Multa pesada, mas a greve persistiu por mais 38 dias a partir dessa decisão liminar. E só acabou nesta terça-feira, no mesmo dia em que uma nova decisão do desembargador, aumentando o valor diário da multa para R$ 20 mil, foi publicada no Diário Oficial. Tornou-se, portanto, sem efeito a última decisão, diante do fim da paralisação. Mas a primeira, tá valendo.

E se for mesmo executada, vai render ao Sinteal um prejuízo pesado, que pode chegar a R$ 380 mil.

O que fazer, diante da situação? Recorrer da decisão do desembargador é um caminho. E isso a entidade já fez, segundo informou a presidente Maria Consuelo. Mas por precaução, diante de tamanho volume de dinheiro, há um entendimento de que não dá para mais arriscar e ficar só nisso, esperando a decisão da Justiça.

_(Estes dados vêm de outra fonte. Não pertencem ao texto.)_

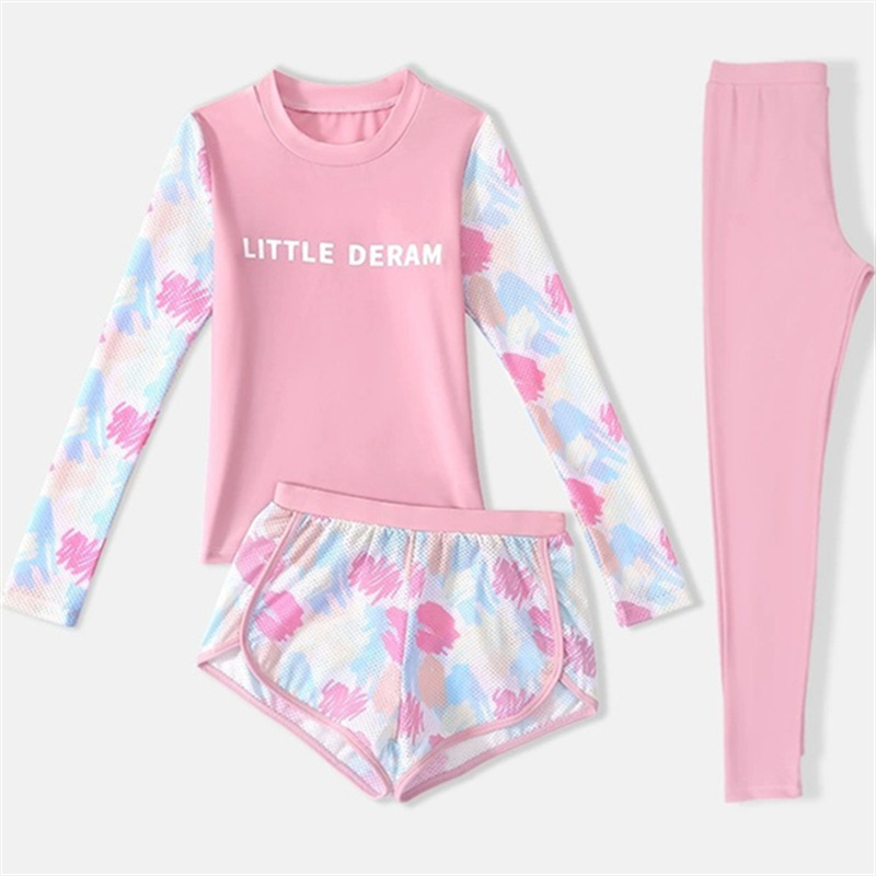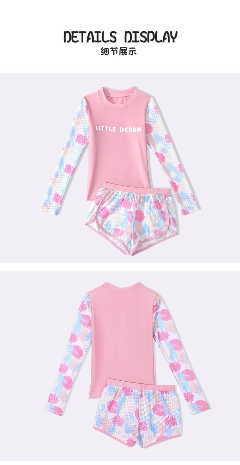 어린이 수영복 새로운 스타일의 소녀 중대형 어린이 속건성 자외선 차단제 보수적인 긴팔 바지 수영 훈련 스플릿 수영복

A greve acabou. As partes já dialogam em clima amistoso sobre as pendências que ficaram na pauta de reivindicações dos trabalhadores da Educação. E a presidente do Sinteal admite: vai conversar sobre o assunto da multa com o secretário da Educação, Luciano Barbosa (vice-governador do Estado). Com a consciência de que o Estado pode livrar o Sinteal desse fardo pesado.

De acordo com a assessoria do Tribunal de Justiça, a execução da  multa só deverá ser determinada pelo desembargador, mediante petição do Estado no processo em que é autor, o que pode acontecer a qualquer momento, mas geralmente é feito após o julgamento do mérito, que compete ao Pleno do TJ.

Portanto, ao Estado, a decisão!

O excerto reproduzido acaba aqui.